La fierté comme dans sache mon ami, ma collègue, mon voisin, mon garagiste, mon élève, ma tante et mon médecin que je suis aussi très fière et assumée dans ce que je suis, ce qui inclut le fait d'être une femme, une épouse, une fille, une soeur, une tante, une nièce, une amie, une journaliste, une néo-rurale, une bénévole, une Estrienne, une Québécoise, une Canadienne, une athée, une rousse (presque plus mais quand même), une grande baveuse sensible à ses heures, une psy-gratis-pour-mes-amis(es) pis un paquet d'autres affaires incluant une membre de la communauté LGBTQ+.
Je te le dis parce que je ne veux pas que tu fasses le saut quand ma blonde va porter l'auto au garage, qu'elle arrive en retard au party de bureau, qu'elle m'embrasse pendant le souper de famille ou qu'elle m'accompagne pour un examen médical parce qu'elle s'inquiète un peu.
Je veux que tu le saches aussi parce que de temps en temps, y a ce jeune ou même ce moins jeune qui nous croise dans la rue ou ailleurs, qui nous regarde du coin de l'oeil et qui poursuit sa route en souriant parce qu'il vient de se rappeler que les choses peuvent être simples et qu'elles n'ont pas à être cachées, que ça le soulage un peu et lui donne confiance en son propre avenir.
Je sais, tu vas me dire qu'on est dans une société ouverte où tout est bien accepté et que tu n'as pas besoin de savoir ce qui se passe dans ma chambre à coucher et dans celles de tous ces gens qui te disent « Hey! Voici qui je suis! »
Mais mon ami, t'as tout à fait raison. Et ça tombe assez bien, on n'est pas en train de te raconter nos chaudes soirées sous la couette.
Ce qu'on est en train de te dire, mon ami, quand les gens se défilent ainsi la Fierté, c'est qu'ils n'ont pas honte de ce qu'ils sont. Qu'ils en sont fiers, là, dans ces défilés, mais aussi dans la parade quotidienne de notre société, dans tout le social de nos journées, dans les conversations de cafétéria au bureau, dans les gradins du terrain de soccer pendant que les enfants jouent, au camping pendant les vacances, sur la terrasse devant une bière froide.
Dans les défilés et au quotidien, il n'y a pas de honte à exister.
*****
C'est là que je te rappelle que c'est Fière la fête dès jeudi avec un concentré d'activités samedi, dont le défilé samedi à 16 h et L'étrange cabaret queer à 22 h au Boq, toujours samedi.

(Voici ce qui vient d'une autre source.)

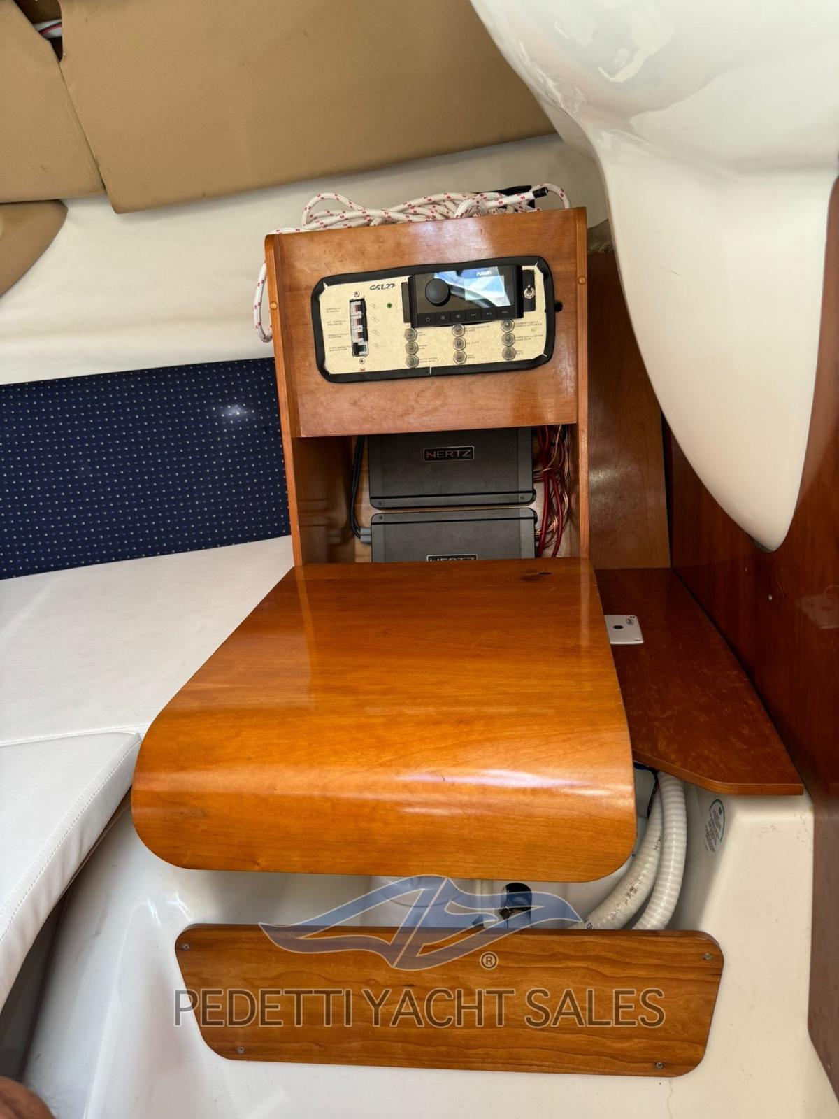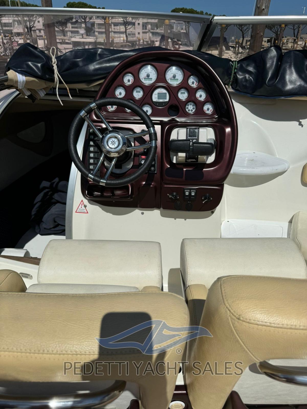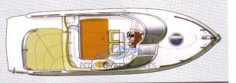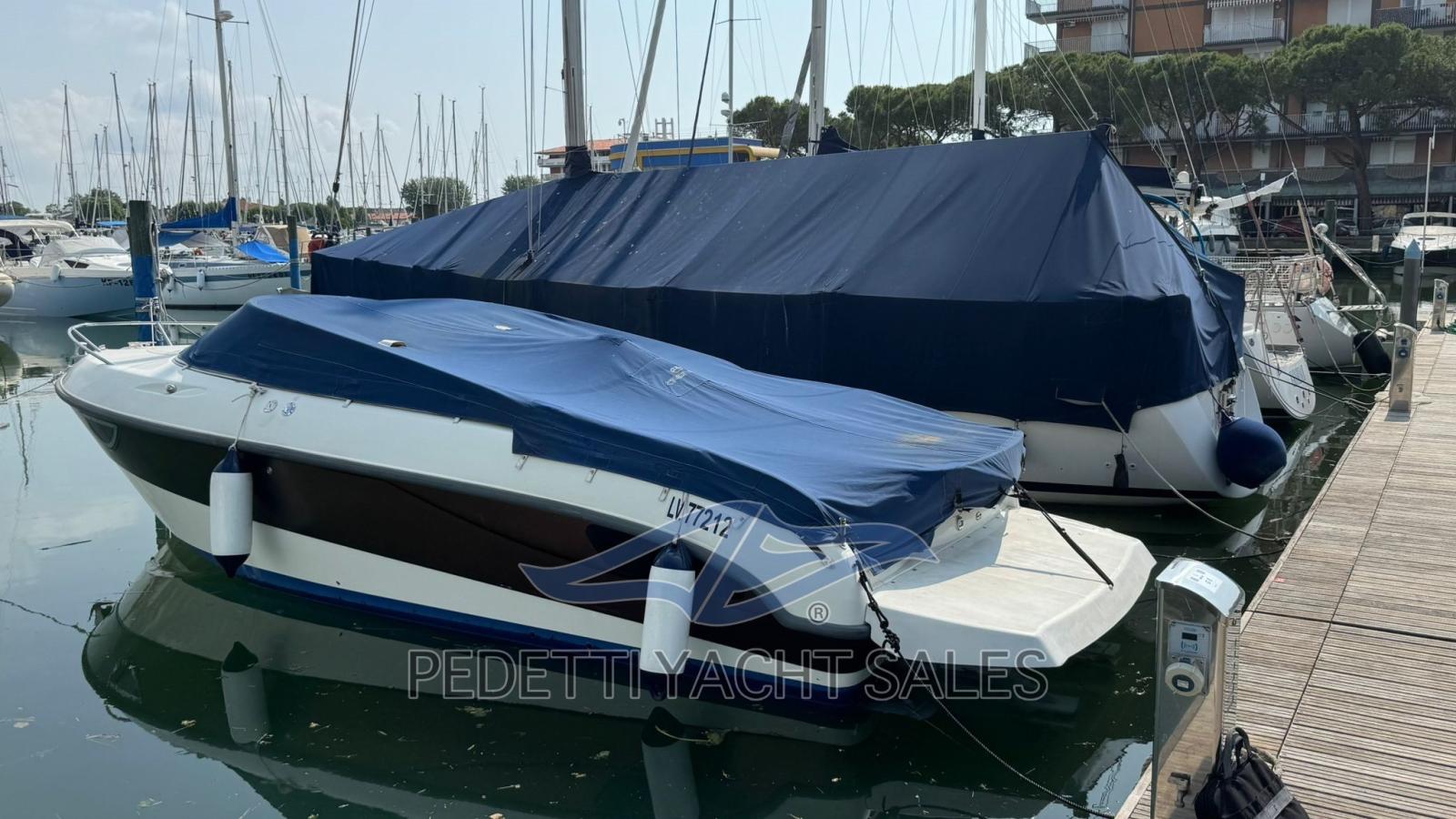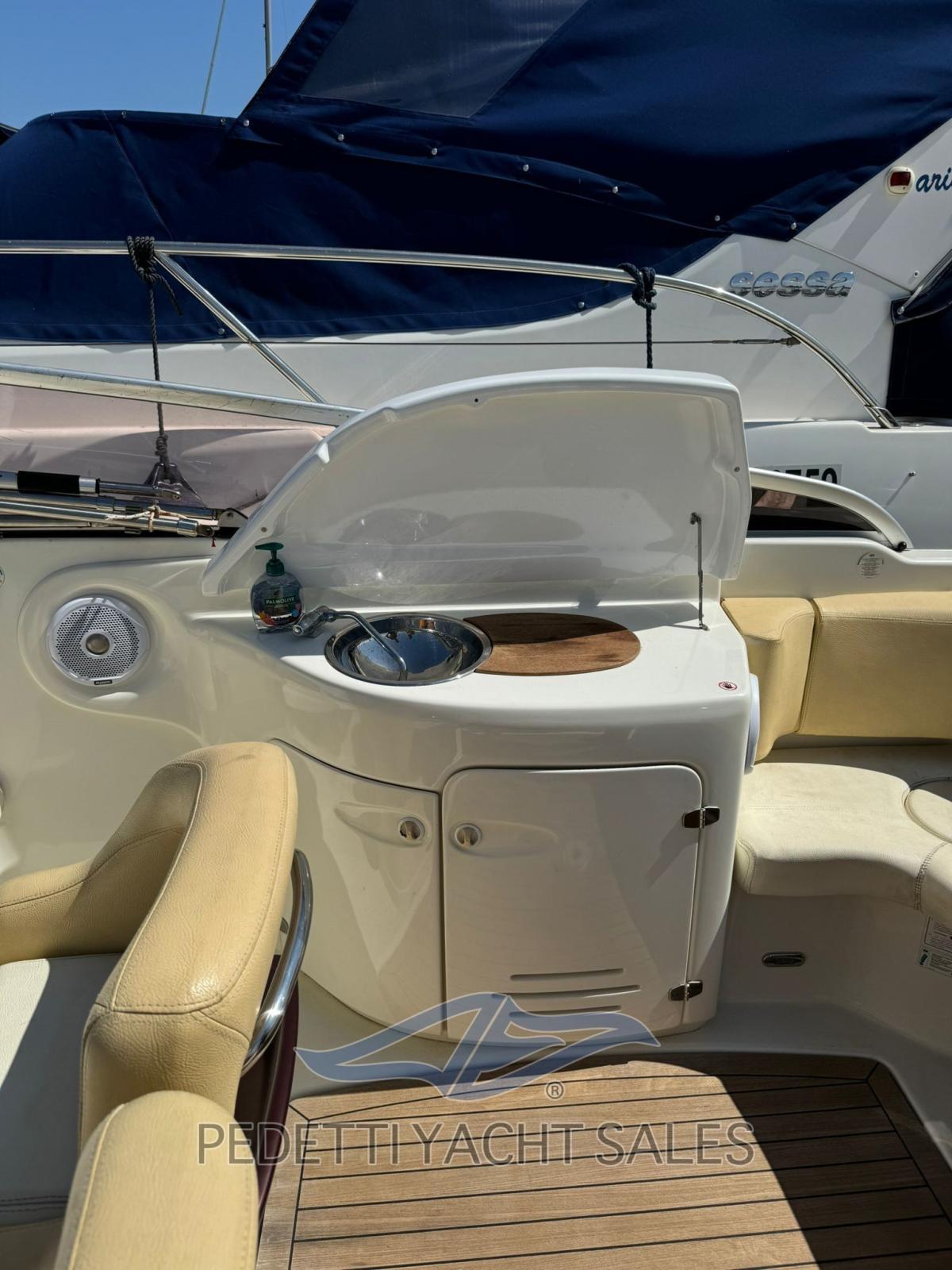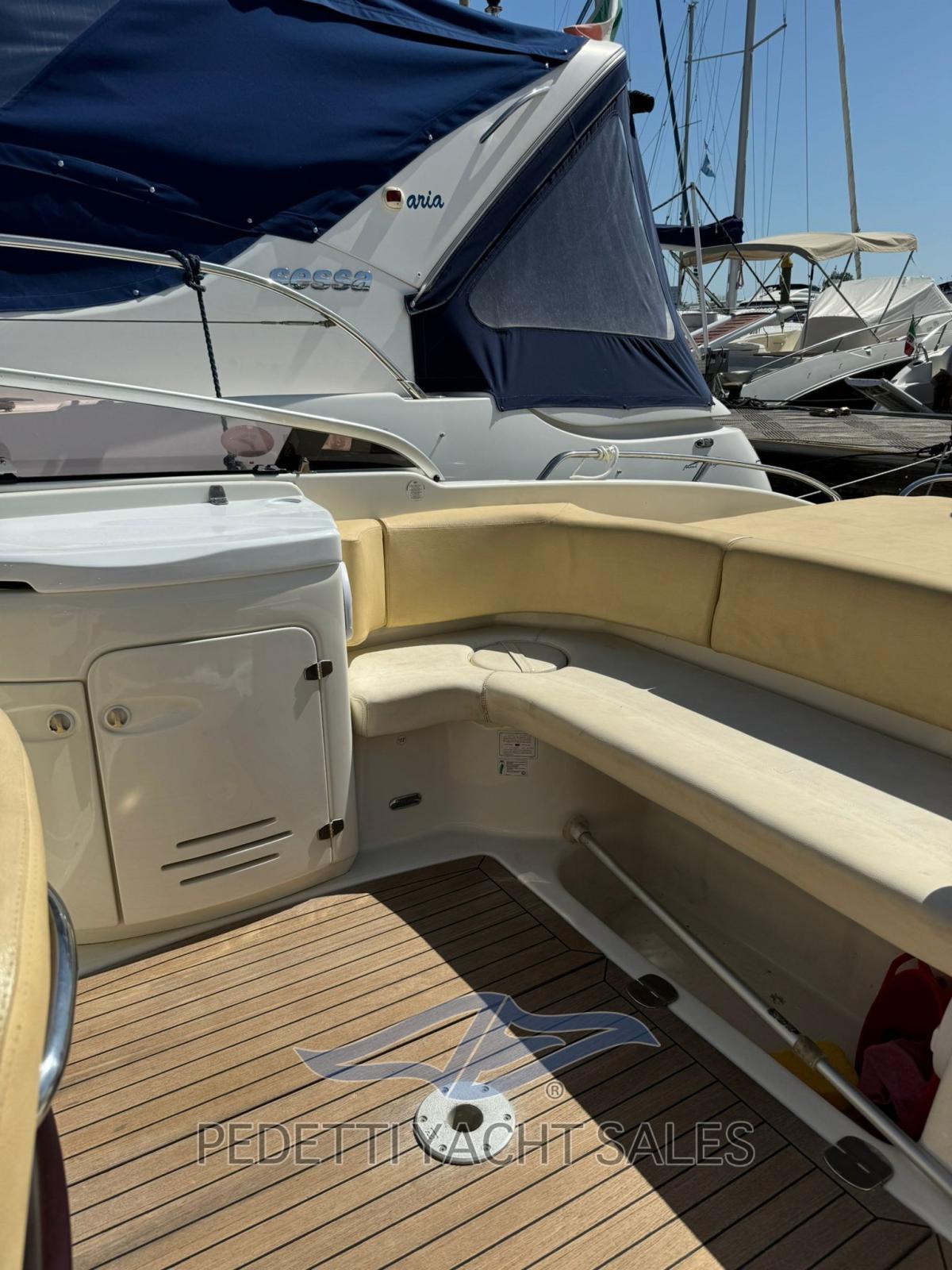 All'interno, la barca dispone di una cabina matrimoniale con due posti letto e un bagno elettrico, oltre a un pozzetto ampio e accogliente con cuscineria completa e zona prendisole sia a prua che a poppa. Tra le dotazioni si trovano plancetta di poppa con scaletta a scomparsa, tavolo pieghevole, impianto stereo, frigorifero esterno e lavello nel mobile bar, insieme a un sistema di navigazione completo con radio VHF, computer di bordo Volvo Penta e pilota automatico.

J'attire cependant votre attention sur le lancement du Collectif 80|20 vendredi soir, en formule 5 à 7, toujours au Boq de la rue Wellington Nord.
Pourquoi?
Parce que si la grande ville propose aux femmes de la diversité sexuelle et de genre de même que leurs allié(e)s maintes occasions de se réunir, il en va un brin autrement en région, et la nôtre de fait pas exception.
Aussi quelques bonnes âmes charitables ont-elles décidé de lancer ce Collectif 80|20 full estrien qui permettra de créer un espace et un réseau d'événements pour lesbiennes, mais pas que, on insiste sur l'inclusivité de la chose.
Voilà que le message est fait, ne reste plus qu'à s'y retrouver pour un verre et un brin de fierté, y a pas de honte là-dedans!